They are trying to make that point as both Germanys prepared for a series of commemorative events marking the 50th anniversary of Kristallnacht, the first organized pogrom in the Third Reich, on the night of Nov. 9-10.

The East German press is hammering away at the alleged snub given Heinz Galinski, leader of West Germany’s Jewish community, when he asked to address the Bundestag at a memorial session this week.

It was the subject of a long article in Neues Deutschland, the main Communist newspaper in East Germany, which dwelt on Galinski’s charge of “insensitivity” levelled at the leadership of the Bundestag, which is the West German parliament.

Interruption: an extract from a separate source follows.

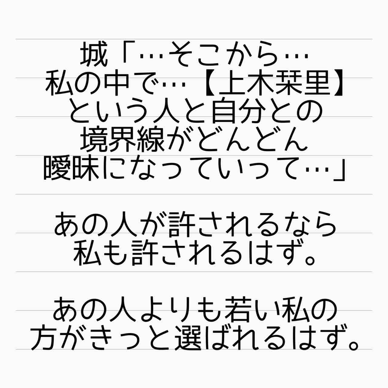 ていうか、ちゃんと栞里さんの良いところを見習ってちゃんと頑張ってれば君島くん的にはありだったんじゃないのかな?←普通は不倫に走ろうなんて考えないし💨

East German Jewish leaders are cooperating in the campaign. Peter Kirchner, chairman of the Jewish community in East Berlin, said Sunday he was shocked by the Bundestag’s failure to invite Galinski to speak.

SPEECH TO VOLKSKAMMER

Kirchner said that in contrast, the leader of East Germany’s Jewish community, Sigmund Roitstein, will deliver a speech to the Volkskammer, the East German parliament, at an upcoming session devoted to the Kristallnacht memorial.

Not mentioned was the fact, noted by Bundestag Chairman Philip Jenninger, that Galinski is to address a nationwide television memorial to be broadcast on the Kristallancht anniversary. He will share honors with Richard von Weizsacker, the president of the Federal Republic, and Chancellor Helmut Kohl.

Kirchner said that in his opinion, East Germany acts more courageously than West Germany in coming to grips with the Nazi past.

That fits in with East German efforts to depict West Germany as a place where “veteran Nazis, heavily protected by police, were meeting regularly to promote their traditions.”

Until recently, the GDR, unlike West Germany, refused to acknowledge any responsibility for Nazi crimes.

Whereas Bonn, since the 1950s, has paid out billions in reparations for Jewish material losses under the Nazis, East Germany only now is beginnig to consider some token payment to Holocaust survivors.